The Wikimedia-facing tasks, that include building a bot script, would need to be undertaken by an experienced Wikimedian who understands, potentially, Pywikibot, Wikidata API, OpenRefine, etc., as well as the ability to communicate with the Wikidata community. I am attached to this project myself as an advisor, and have done some similar type of work that this project idea evolves from, namely developing the Cleveland Museum of Art's Wikidata bot—which you can learn more about at the current bot request discussion—as well as many other thousands of automated edits (both to Wikidata and Wikimedia Commons) for my past positions at the US National Archives and Digital Public Library of America. I would likely be the developer carrying out all or most of this Wikimedia-facing work, or if I was not able (or we decided to split the work), I would definitely be the responsible team member–using my deep connections to the Wikimedia community—to find someone suitable for that role. Additionally, the project is being advised by User:LoriLee, past Wikimedia Foundation US Cultural Partnerships Coordinator, and her digital agency 1909 Digital (which I work through) would also be able to assist in ensuring that the work of creating a Wikimedia bot, and related activities, would only be carried out by a community member with the skills and credibility to accomplish it.
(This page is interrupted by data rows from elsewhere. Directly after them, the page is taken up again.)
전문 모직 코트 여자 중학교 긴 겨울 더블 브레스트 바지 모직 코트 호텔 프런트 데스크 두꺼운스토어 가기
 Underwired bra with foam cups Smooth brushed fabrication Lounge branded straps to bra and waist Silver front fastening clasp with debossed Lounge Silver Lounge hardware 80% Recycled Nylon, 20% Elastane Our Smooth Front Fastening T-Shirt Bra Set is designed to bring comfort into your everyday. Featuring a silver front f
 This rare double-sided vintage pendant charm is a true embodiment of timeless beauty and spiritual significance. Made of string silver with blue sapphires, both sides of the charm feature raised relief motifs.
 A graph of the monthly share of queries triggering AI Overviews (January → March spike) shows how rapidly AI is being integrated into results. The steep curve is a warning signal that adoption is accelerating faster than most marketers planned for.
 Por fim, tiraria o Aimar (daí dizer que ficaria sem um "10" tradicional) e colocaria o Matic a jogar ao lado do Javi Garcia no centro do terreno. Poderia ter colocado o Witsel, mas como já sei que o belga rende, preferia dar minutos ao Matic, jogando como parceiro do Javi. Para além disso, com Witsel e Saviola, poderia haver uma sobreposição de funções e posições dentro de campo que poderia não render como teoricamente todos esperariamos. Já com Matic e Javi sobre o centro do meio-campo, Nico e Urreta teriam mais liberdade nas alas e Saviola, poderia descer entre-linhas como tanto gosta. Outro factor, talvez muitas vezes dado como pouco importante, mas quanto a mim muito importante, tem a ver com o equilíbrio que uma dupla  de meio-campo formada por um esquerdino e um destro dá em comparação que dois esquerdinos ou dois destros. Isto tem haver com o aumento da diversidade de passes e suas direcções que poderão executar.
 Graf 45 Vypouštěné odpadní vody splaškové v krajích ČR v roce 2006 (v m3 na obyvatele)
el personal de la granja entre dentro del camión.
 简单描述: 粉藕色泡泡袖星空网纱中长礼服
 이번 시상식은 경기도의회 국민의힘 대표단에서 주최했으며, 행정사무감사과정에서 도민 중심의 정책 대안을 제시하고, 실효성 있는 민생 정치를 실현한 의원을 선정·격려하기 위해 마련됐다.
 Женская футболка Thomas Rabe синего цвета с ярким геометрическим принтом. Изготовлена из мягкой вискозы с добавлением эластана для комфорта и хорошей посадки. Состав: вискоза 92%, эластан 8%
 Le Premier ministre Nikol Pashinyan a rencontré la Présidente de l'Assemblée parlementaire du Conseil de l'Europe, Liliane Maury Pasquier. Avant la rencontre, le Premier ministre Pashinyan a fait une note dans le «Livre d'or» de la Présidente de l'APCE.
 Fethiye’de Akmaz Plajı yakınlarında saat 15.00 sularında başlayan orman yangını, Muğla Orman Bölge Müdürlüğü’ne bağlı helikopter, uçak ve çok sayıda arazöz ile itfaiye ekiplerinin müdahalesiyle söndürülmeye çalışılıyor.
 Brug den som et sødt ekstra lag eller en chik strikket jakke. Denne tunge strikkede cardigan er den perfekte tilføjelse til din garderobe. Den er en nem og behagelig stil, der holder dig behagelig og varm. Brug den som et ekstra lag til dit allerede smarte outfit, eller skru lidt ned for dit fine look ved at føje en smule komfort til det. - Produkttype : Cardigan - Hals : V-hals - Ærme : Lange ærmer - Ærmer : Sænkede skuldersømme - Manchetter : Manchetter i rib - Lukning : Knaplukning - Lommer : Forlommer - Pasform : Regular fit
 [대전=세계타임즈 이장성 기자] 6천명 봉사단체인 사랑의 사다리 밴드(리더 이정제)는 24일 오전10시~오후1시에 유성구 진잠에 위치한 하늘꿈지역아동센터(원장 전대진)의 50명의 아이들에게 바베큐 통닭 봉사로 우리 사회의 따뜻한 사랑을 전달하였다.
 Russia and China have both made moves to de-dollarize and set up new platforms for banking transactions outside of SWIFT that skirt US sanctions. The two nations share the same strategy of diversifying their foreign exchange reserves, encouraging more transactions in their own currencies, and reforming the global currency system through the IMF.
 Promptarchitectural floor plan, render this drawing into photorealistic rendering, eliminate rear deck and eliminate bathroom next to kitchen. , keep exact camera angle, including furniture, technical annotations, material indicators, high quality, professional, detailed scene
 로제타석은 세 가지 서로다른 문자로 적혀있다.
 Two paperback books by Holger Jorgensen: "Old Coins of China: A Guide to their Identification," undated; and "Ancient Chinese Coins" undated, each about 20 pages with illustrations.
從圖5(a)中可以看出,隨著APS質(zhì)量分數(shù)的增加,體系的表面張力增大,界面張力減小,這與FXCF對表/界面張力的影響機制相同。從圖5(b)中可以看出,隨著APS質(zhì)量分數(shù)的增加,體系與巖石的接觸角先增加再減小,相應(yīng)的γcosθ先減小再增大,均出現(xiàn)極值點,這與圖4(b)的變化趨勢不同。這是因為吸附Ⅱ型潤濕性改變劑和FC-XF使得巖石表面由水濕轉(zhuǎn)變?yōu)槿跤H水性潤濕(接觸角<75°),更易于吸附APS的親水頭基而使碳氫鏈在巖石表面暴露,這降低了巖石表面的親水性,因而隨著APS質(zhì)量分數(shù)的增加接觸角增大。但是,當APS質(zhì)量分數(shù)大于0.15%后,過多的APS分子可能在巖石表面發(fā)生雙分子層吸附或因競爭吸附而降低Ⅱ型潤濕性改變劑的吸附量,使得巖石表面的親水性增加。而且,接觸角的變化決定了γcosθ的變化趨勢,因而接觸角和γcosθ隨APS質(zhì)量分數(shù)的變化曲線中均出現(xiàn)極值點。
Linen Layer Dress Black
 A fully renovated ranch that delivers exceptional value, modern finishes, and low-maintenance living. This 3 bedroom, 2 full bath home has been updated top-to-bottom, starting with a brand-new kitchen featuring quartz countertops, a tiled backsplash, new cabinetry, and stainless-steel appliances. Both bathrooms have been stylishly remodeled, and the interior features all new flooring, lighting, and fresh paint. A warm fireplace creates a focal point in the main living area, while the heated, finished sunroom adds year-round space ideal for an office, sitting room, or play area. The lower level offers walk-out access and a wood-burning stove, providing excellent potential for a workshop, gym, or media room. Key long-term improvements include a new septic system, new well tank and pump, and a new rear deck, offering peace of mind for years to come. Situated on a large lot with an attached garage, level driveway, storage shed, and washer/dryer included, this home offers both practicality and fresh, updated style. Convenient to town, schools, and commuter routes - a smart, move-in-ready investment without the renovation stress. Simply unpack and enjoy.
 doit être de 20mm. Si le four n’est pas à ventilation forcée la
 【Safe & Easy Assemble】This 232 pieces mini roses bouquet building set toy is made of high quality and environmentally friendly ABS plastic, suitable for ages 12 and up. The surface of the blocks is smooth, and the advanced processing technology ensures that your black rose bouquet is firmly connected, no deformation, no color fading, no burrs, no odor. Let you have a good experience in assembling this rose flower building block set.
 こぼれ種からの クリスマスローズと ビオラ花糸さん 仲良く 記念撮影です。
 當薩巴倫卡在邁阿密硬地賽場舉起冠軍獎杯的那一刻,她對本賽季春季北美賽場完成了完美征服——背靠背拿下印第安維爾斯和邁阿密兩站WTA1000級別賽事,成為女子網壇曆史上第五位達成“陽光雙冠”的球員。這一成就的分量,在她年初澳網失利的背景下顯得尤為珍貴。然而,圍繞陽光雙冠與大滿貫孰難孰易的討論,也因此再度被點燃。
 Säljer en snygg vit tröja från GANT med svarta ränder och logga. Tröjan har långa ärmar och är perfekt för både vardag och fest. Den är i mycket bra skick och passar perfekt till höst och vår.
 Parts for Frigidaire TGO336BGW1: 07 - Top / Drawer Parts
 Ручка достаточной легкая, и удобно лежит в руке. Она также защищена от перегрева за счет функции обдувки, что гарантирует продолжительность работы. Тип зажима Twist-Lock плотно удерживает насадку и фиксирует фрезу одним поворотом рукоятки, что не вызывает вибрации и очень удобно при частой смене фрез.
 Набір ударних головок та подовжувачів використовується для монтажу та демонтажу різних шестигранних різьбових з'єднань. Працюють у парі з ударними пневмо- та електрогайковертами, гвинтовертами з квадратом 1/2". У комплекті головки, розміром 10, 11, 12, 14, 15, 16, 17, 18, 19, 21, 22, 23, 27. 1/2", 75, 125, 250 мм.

- We worked with our existing teams of developers, designers and technical project managers to scope out the level of effort required to build what we are proposing and map that to the costs associated with their time and skill-sets. Specifically, we broke the project down into the discrete components in #Activities, and different components would be accomplished by the team members with the applicable skill sets, who have also provided the cost estimates. The first tasks in the "Prep Work on Curationist Environment" will be done by the software development firm DataCrafted.io, which is familiar with the site’s technology, as it is already the main backend developer for the platform. They have provided those cost estimates.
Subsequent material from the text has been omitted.